就算不看别的,只看在小阿哥的份上,皇上也不会置您于不顾的!只要您平平安安生下这个‘贵子’,往后有了依靠,还怕贵妃娘娘做什么?再说了,咱们背后不是还有太后娘娘吗?有太后娘娘为您撑腰,您还怕什么?”
白蕊姬似乎被这话安慰到了,抽泣声渐止,声音里重新带上了底气:“对……对!我还有太后!我肚子里还有皇上的孩子,这可是皇上盼着的‘贵子’!贵妃又算什么东西?今天不过是仗着我碰坏了御赐之物,才让她逮到机会!皇上……
皇上心里肯定是向着我的,只是当着那么多人,他不好驳了贵妃的面子罢了!等太后娘娘知道了,一定会为我做主的!”
俗云连忙附和:“小主说的是。奴婢待会儿就想办法给太后娘娘递个消息。

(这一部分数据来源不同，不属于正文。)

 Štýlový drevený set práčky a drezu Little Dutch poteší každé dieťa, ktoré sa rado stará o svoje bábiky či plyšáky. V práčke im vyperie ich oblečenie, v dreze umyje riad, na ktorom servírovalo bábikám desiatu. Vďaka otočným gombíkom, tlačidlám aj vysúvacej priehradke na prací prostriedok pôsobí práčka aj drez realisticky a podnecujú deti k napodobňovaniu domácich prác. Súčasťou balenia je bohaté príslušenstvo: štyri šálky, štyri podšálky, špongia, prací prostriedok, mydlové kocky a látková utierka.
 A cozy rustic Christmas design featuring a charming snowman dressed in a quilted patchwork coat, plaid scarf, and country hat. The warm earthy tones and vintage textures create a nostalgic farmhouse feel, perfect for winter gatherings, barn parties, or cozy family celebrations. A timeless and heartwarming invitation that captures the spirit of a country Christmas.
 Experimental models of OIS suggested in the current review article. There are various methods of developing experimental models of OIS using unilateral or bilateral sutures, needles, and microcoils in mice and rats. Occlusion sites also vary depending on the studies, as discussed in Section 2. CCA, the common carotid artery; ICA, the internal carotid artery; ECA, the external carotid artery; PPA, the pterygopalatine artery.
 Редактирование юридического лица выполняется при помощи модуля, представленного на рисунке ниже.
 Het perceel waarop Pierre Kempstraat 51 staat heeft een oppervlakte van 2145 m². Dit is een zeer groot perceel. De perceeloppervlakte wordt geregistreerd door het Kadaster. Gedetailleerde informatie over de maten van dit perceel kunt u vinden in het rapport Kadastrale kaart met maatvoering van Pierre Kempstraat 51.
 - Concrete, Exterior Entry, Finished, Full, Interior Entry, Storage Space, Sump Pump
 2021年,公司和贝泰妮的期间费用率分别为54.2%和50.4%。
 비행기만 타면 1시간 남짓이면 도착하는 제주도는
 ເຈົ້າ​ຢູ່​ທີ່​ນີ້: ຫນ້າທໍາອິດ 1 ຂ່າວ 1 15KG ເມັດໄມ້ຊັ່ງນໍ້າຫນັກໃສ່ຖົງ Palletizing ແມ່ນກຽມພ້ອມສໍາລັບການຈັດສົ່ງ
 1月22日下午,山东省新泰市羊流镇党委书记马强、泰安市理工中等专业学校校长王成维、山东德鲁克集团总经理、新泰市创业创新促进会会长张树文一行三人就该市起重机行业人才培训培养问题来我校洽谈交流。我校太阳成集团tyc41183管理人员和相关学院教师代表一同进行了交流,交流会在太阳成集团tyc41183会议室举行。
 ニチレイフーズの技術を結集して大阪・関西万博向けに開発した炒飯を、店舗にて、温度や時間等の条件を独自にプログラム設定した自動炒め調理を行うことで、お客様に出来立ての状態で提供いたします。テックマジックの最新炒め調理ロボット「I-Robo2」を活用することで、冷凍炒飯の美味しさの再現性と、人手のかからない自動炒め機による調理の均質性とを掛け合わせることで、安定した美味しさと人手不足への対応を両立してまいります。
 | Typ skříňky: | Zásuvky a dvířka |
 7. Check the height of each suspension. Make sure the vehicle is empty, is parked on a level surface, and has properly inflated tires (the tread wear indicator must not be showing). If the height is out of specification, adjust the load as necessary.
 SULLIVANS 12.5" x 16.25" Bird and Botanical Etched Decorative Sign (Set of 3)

有太后娘娘出面,皇上定不会再计较今日之事,说不定还会更加怜惜小主您呢!”
门外的弘历,脸色已阴沉得能滴出水来。
他放在门上的手缓缓收回,紧握成拳,手背青筋隐现。
他没有进去,也没有发出任何声响,只是转过身,对身后随从做了个噤声且要求任何人都不能告诉里面的人自己来过的消息,然后一言不发,大步离开了永和宫。
回到养心殿后弘历独自坐在空荡荡的殿内,白蕊姬与俗云的对话,一字一句,反复在他脑海中回响。
他一直以为白蕊姬不过是个身世可怜,偶得圣宠的乐姬,他宠爱她,多少带着点对自身过往某种隐秘的补偿心理——
看,只要皇帝愿意,再微贱的出身也能获得尊荣。
可如今,这“微贱可怜”竟是精心伪装的假象?
是太后处心积虑安排在他身边的耳目、棋子?
甚至可能是一个企图用“贵子”来进一步影响、控制他的工具?
他宠幸白蕊姬,期待她腹中“贵子”的时候,太后是不是暗自嘲笑他这个皇帝,轻易就落入了她的彀中?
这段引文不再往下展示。